Государи московские. Книги 1-5 - Дмитрий Михайлович Балашов
Шрифт:
Интервал:
Закладка:
В те же, далекие от нас века, когда всеохватывающей бюрократической государственной системы еще вообще не существовало, в те века отнюдь не просто было быть богатым и удерживать, и передавать детям богатства свои.
Боярин Кирилл был «нарочит», великий муж в Ростовской земле. Но что это значило? В чем состояло оно, это богатство? В родовых именьях (напомним, без крепостного права!), в оружии, стадах, портах и прочей «рухляди», в дружине, наконец. Но за стадами нужен уход, оружие имеет силу только в руках ратников, а ратных, дружину, нужно кормить, и кормить хорошо. Чем значительнее был боярин, тем большее число зависимых от него людей кормилось от его стола. И выгнать, уменьшить число их было подчас просто невозможно. А служба князю?
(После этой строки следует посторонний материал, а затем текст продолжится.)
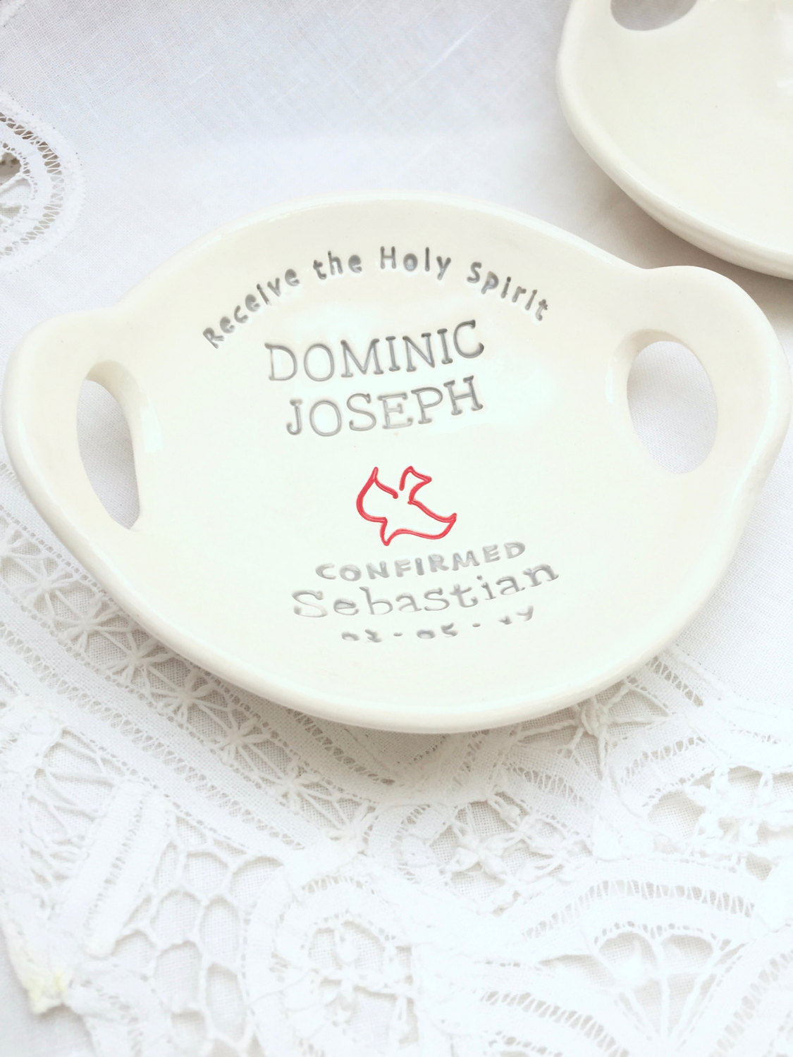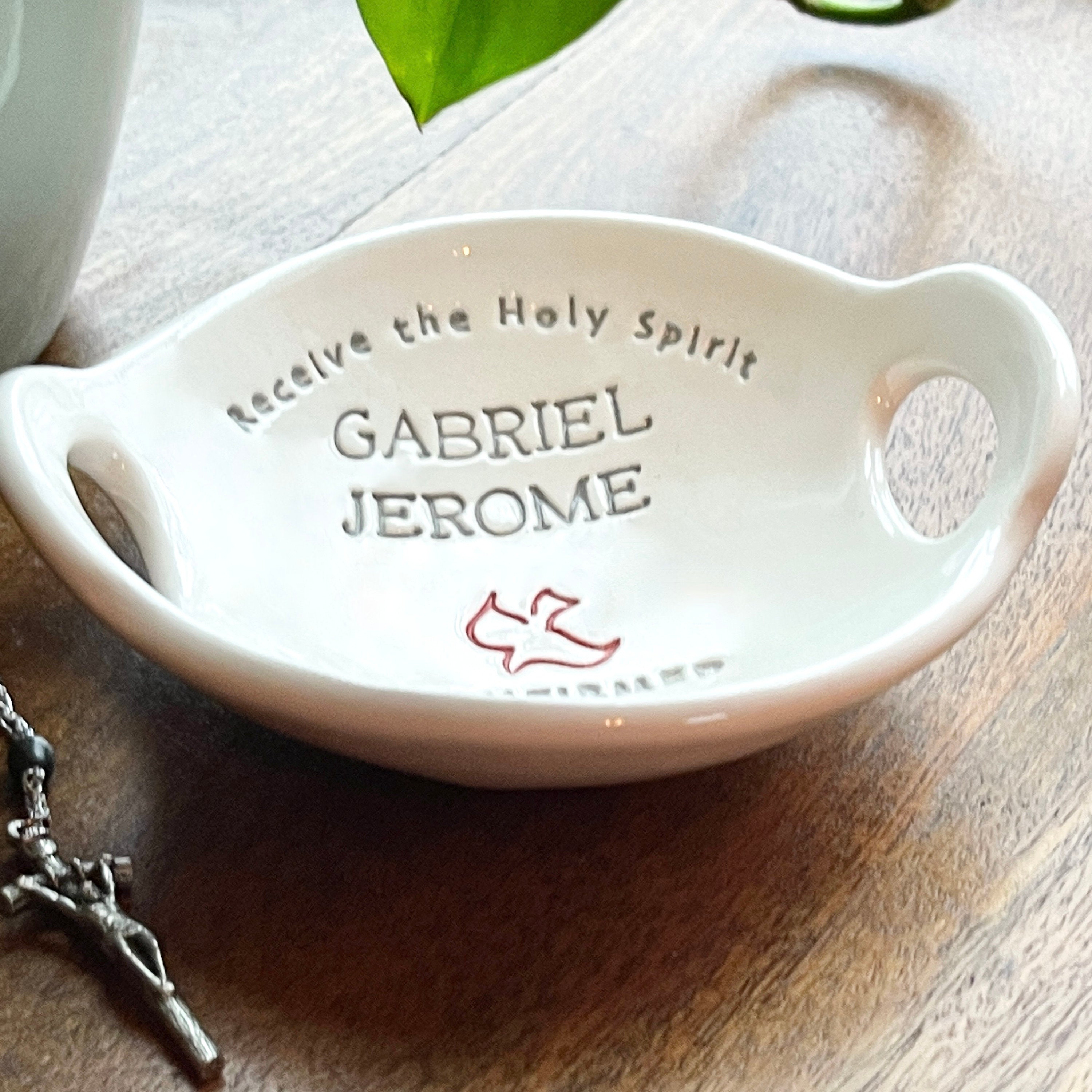 This is a custom Confirmation bowl, designed as a meaningful keepsake to mark the important step of Confirmation. It can hold a rosary, rings, loose change, or other small items, making it both functional and commemorative.

Она заключалась в делах посольских (а ездили за свой кошт!), в военной помочи (а приводили своих ратных, и оборужали их сами!), в управлении – ну, тут, на «кормлении», то есть управлении какой-то областью, можно было получить причитающиеся по закону «кормы», которые опять же шли на содержание дружины, слуг, посельских, ключников, и прочая, и прочая. А ежели земля была разорена, взять с нее что-то было отчаянно трудно (крестьянин не был крепостным, напомним еще раз! И волен был уйти на все четыре стороны), а дружину, всех даньщиков, вирников и прочих – корми! И ежели князь разорен, то одарить боярина за ту же поездку в Орду совместно с князем он не может. А поездки в Орду – сущее разорение! Там каждому татарину дай по приносу, да и стоимость тогдашних переездов, нам даже не представить себе: целый поезд людей, коней, дружины, возы с припасом, лопотью, серебро, серебро, серебро – не то не доедешь и до места… А ездить со князем своим надобно все равно. Не откажешься, ежели ты «муж нарочит» и один из ближайших бояр своего господина…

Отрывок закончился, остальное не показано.